Monday, August 4, 2008

Time Beyond Imagining - A Brief History of the Colorado Plateau: Sand!


Back to our adventure through time on the Colorado Plateau. We have been mostly exploring the Proterozoic and Paleozoic history with a walk up from the bottom of the Grand Canyon where these rocks are so spectacularly exposed. There have been some side excursions to the Paradox Basin and the Ancestral Rockies, but today we reach the rim of the canyon, with a short exploration of the final three formations that make up the canyon walls (in two posts).

One of the most obvious layers in the Grand Canyon is a 300 foot high white cliff just a few hundred feet below the rim. The rock making up the cliff is the Coconino Sandstone, which formed in Permian time as sand dunes in a desert that extended across northern Arizona, New Mexico, and southern Utah (something like 200,000 square miles). The most obvious feature of the formation are the crossbeds, the sloping layers that represent the slip faces of the dunes that have been preserved in the cliffs. It is a beautiful rock formation!
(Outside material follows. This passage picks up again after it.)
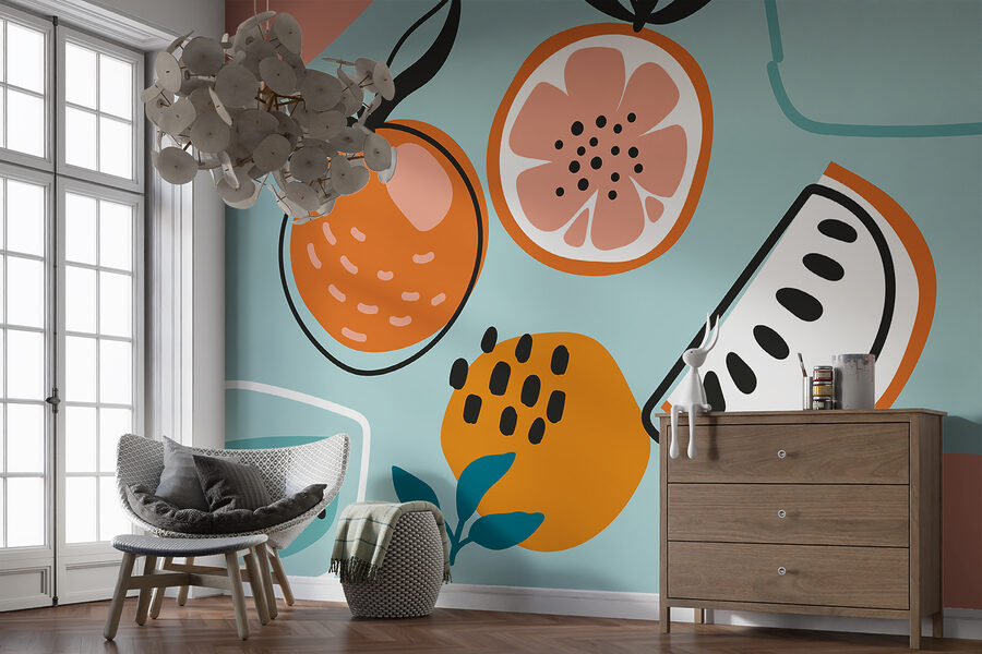 Avete mai desiderato che le vostre pareti facciano una dichiarazione senza dire una parola? Ecco il murale W01421! Questo delizioso murale dona un tocco giocoso a qualsiasi spazio, come una simpatica spruzzata di colore direttamente dal quaderno degli schizzi di un artista. Con fette di arance succose, forme eccentriche e un’esplosione di vibrazioni della natura, è come una jam session artistica spontanea che è atterrata perfettamente sulla vostra parete.

When I was a new student taking my first or second class in geology, I had the opportunity to visit the Raymond Alf Paleontology Museum at Webb School in Claremont, California. I was intrigued by their spectacular collection of fossil trackways, and was curious where such ichnofossils were found. One of the sources was the Coconino Sandstone, which I would see up close only a few weeks later on my first geology field trip. There is nothing quite like finding a fossil trackway like the one illustrated above. Unlike fossil shells and bones, representing death, a trackway preserves a moment in the life of a creature. Was it running or walking, feeding or escaping? What kind of creature was it anyway? The Coconino preserves more than two dozen kinds of tracks, from large amphibians or reptiles to scorpions or spiders.

The Coconino is correlated with the De Chelly Sandstone, which forms the spectacular cliffs of De Chelly National Monument, and the wonderful John Wayne movie towers and spires of Monument Valley. Because the sand is porous, it is an important groundwater reservoir for towns to the south of Grand Canyon like Flagstaff and Williams.